Women's Network inducts three into hall of fame
Donna Dummer clearly sees the path that led her from Brownie Scout leader to Red Wing mayor.
"I can do that," she recalls thinking when asked to lead second-grade girls.
She said something similar again and again as she served in various capacities in the schools, at Minnesota Correctional Facility-Red Wing, as a court-assigned guardian ad litem, on the Goodhue Welfare Board and more.
"Your own self-esteem builds," said Dummer, who served 2005-2008 as the city's second woman mayor. "What you do in the past leads you to your future."
She, Anne Jacobson and Jane Donkers were inducted Wednesday into the Red Wing Women's Hall of Fame. Women's Network sponsors the event.

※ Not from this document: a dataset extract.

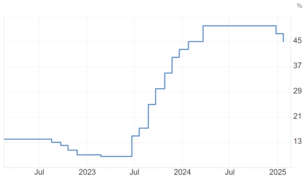 [2] 2023年5月,埃尔多安博得总统订定合同会选举后,以财务部长穆罕默德·希姆谢克(Mehmet Şimşek)和央行行长行长哈菲泽·盖伊·埃尔坎(Hafize Gaye Erkan)为代表的新一届内阁明白暗示将回归正统线,寻求愈加稳健并具备持久性的指点纲要。2023年6月进入加息周期后,土耳其央行(CBRT)持续九次加息,将基准利率共计上调4,150个基点至50%。行长法提赫·卡拉汉带领的土耳其央行货泉政策委员会(MPC)持续八次会议维持利率不变。

Jacobson has worked at the Republican Eagle for 20 years, starting as a reporter and becoming editor seven years ago. She's served on the First Lutheran Church Council and Goodhue County AIDS Network, among others, including Red Cottage Montessori.
One of her passions, she said, is serving on Red Wing Community Education Advisory Council.
"The mission of lifelong learning fits in well with journalism and educating and informing readers," she said.
Presenters noted that Jacobson is the first female editor of the Red Wing Republican Eagle.
"The fact I don't define myself that way - and don't have to do so - is a testament to the women who paved the way here for me both here in Red Wing and around the world," she said after the meeting.
Donkers also represents a "first." She was the first woman director for Northwest/Norwest Bank, the predecessor to Wells Fargo in Red Wing. The board was looking for diversity at the time, so she joined a farmer and a host of businessmen.
"Here's my gold watch," she said, slipping it off her wrist and waving it to the delight of Women's Network.
She credited her parents with thinking and talking about education all the time - not just in the classroom but in everyday life. That drive led her to run for Red Wing School Board, serving three terms starting in 1974, and earlier completing bachelor's and master's degrees.
"Friends asked my parents, 'Why is Jane going to college? She graduated from high school. What more can she learn?'" said Donkers, eliciting gasps, hoots and rueful knowing smiles.
Her parents sent all five children to college, which was almost unheard of in the 1940s for farm families, she recalled. She chose Iowa State, and there her interest in civil involvement bloomed.
"My memorable moment was when I was student host to Eleanor Roosevelt for one day," Donkers said.
"The future belongs to those who believe in the sweetness of dreams," Donkers said, quoting Roosevelt. "I've had a lot of dreams here in Red Wing."